Él escuchó en silencio con su brazo derecho apoyado contra el talismán y el izquierdo cayendo inerte al lado de su cuerpo. Roxandra abandonó el techo saltando desde la cornisa. Anton la observó caer con gracia sobre un toldo de una pastelería, agarrarse del frío metal y saltar a la acera. Desapareció entre la gente que iba y venía para realizar las primeras compras de la mañana.
Cuando él bajó, las nubes ya habían alcanzado el centro neurálgico de la ciudad y las primeras gotas comenzaban a caer. Algunas personas abrieron sus grandes paraguas y cubrieron sus cabezas de las amenazantes gotas; otros se refugiaron debajo de los toldos o balcones, o ingresaron en las tiendas esperando que la tormenta acabara. Pero él no tenía intención de esconderse. Los grandes gotones fríos caían sobre su cabello y mojaban su abrigo. Era curioso ver a los ciudadanos correr de un simple temporal. En el norte, la gente corría por otra razón; una más oscura y aterradora.
Pasó junto a una mujer que se quejaba sobre lo difícil que era caminar por el suelo mojado con sus tacones. Pero él comenzaba a empaparse, tal y como lo había hecho el día anterior, y no andaba llorando por las calles de Bucarest porque sus prendas estaban húmedas.
Las calles eran abrazadas por una serie de edificios que debían albergar hasta treinta familias, todas apiñadas en grandes salones con suelos de madera. Las ventanas estaban cerradas, pero dentro se podía ver el movimiento de las mujeres, quienes colgaban ropa o cuidaban a un recién nacido. El apestoso olor a caballo penetró su nariz cuando una tropilla pasó a su lado, acarreando un pesado carruaje de madera de roble.
Pero a pesar de la tormenta, un grupo numeroso de hombres seguía con sus quehaceres: lavar los carruajes, alimentar a los caballos, armar los toldos de sus negocios. Aquella ciudad parecía completamente aislada de lo que sucedía en el norte. Era como estar en otro planeta.

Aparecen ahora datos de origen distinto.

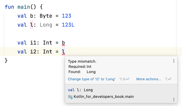 fun main() { val b: Byte = 123 val l: Long = 123L val i: Int = 123 val i1: Int = b.toInt() val i2: Int = l.toInt() val l1: Long = b.toLong() val l2: Long = i.toLong() }
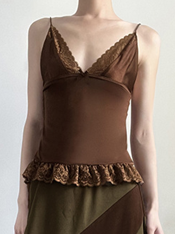 Schlankmachendes Camisole-Top mit V-Ausschnitt und Spitzenausschnitt

Anton se detuvo al pie de una fuente de mármol de una mujer que sostenía una pesada jarra en sus manos y de la cual caía un grueso chorro de agua en una piscina. El rostro de la mujer era sereno; parecía contemplarlo con aquellos diminutos ojos blancos que transmitían paz. Las palomas se agolpaban alrededor del jarrón para poder darse una ducha o beber algo de agua. Quizás, pensó Anton, esto sea el paraíso.